China’s stock market has surged over 140 percent over the past 12 months despite a flagging economy, as retail investors, including university students, barbers and janitors piled into the world’s best performing market, though economists have warned that, based on economic fundamentals, the rally was unjustified.
Official data shows the surge has been accelerated by cheap credit, with the outstanding value of margin finance hitting a record 2 trillion yuan on Tuesday.
On Thursday morning at least three Chinese brokerages, including Guosen Securities Co <002736.SZ>, Southwest Securities Co <600369.SS> and Changjiang Securities Co <000783.SZ> said they would tighten margin requirements.
“The brokerages are front running what the regulator wants to do,” said Bernard Aw, an analyst at ING Markets in Singapore.
Haitong Securities <600837.SS> and GF Securities <000776.SZ> had made similar moves earlier in the week.
“This is no longer an individual case, but an industry-wide campaign,” said Zhang Chen, analyst at Shanghai-based hedge fund Hongyi Investment. “Clearly, they got guidance from regulators, and this shows a change of government’s attitude toward the margin trading business.”
LIQUIDITY DRAIN PLAYS ON NERVES
Key mainland sub indexes including property <.SSEP>, energy <.CSI300EN> and financial services <.CSI300FS> plunged more sharply, with both energy and property slumping over 7 percent.
Shares in several Chinese brokers fell by between 6-8 percent.
Tian Weidong, analyst at Kaiyuan Securities in Xi’an, said that the sharp drop in financials was partly due to news that Central Huijin Holdings, an asset management company controlled by Beijing, had reduced its holdings in major state-owned banks China Construction Bank <601939.SS> and ICBC <601398.SS>, both of which are index heavyweights.
The news was published on Wednesday by the Hong Kong Stock Exchange in a daily disclosure report.

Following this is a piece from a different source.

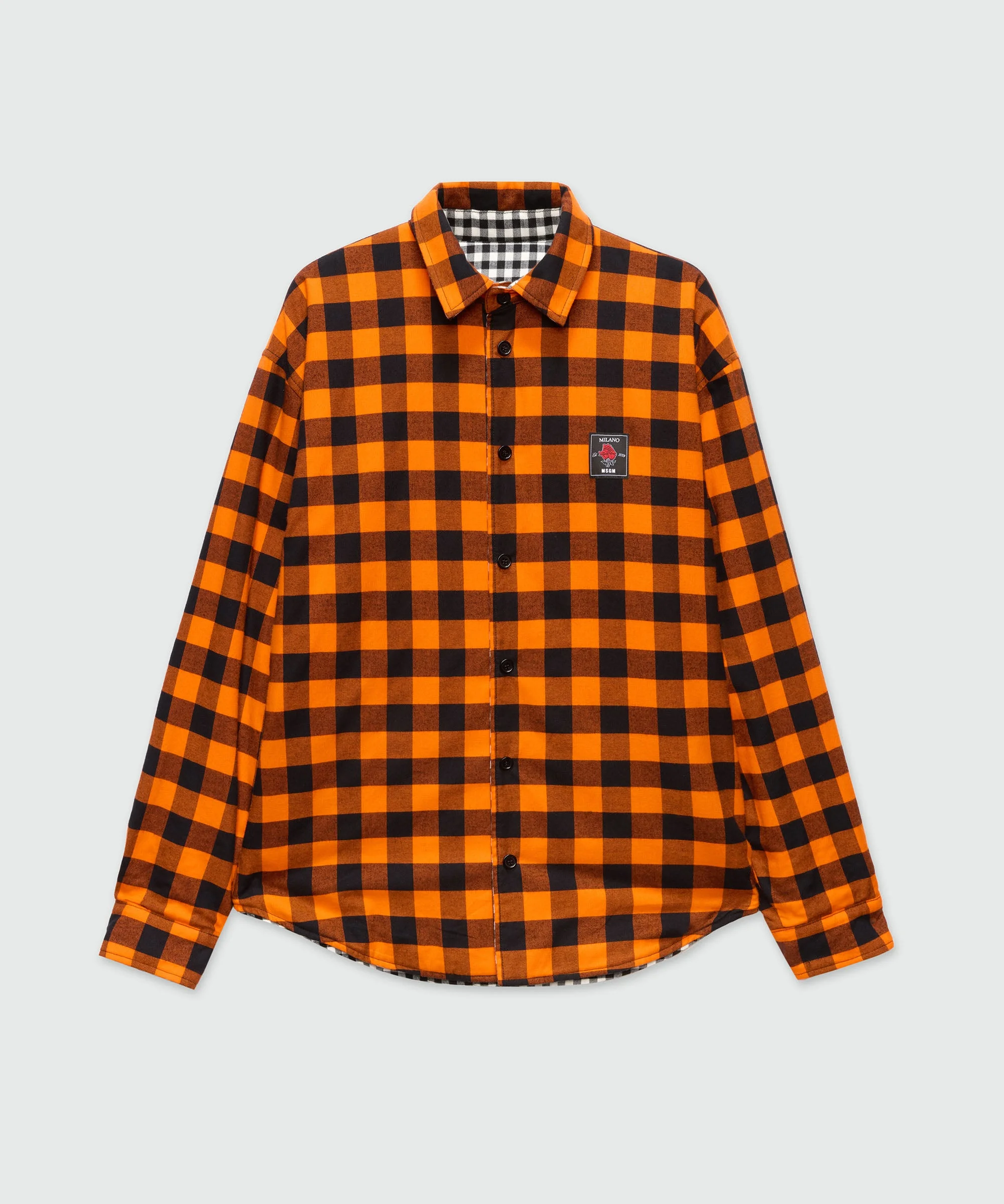 Double-sided cotton flannel shirt with a gingham pattern. One side features an orange and black pattern with an MSGM label sewn onto the chest; the other side is black and white with a 3D logo embroidery on the chest. Classic collar, front button closure, long sleeves with buttoned cuffs. Rounded hem. Regular fit. The model is wearing size M/48. CODE: 3940MH23-257502-01 Details and fit - 100% CO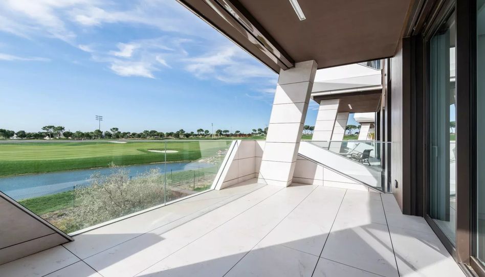La zona principal gira alrededor de un salón espectacular, abierto y muy luminoso, que conecta directamente con una gran terraza orientada al sur, con vistas despejadas al campo de golf de La Finca.

But he added that many investors were already looking for a reason to sell, and the changes to margin financing sparked the stampede.
“Many investors have become very cautious and are looking for a reason to take the profits they have already earned,” he said.
The central bank’s move to mop up excess liquidity in the interbank market was a contributory factor in the sell off.
While there was no information on how much money was drained, and money traders warned the adjustment could be minor, any suggestion of a squeeze was seen as negative for stocks.
Analysts warned of the risk of volatility intensifying.
“If the stock market suddenly reverses and investors default on their margin debts, the contagion effect will be much greater than in previous cycles, since the banking system is now more exposed to the brokerage industry,” wrote Chen Long of Gavekal Dragonomics in a research note.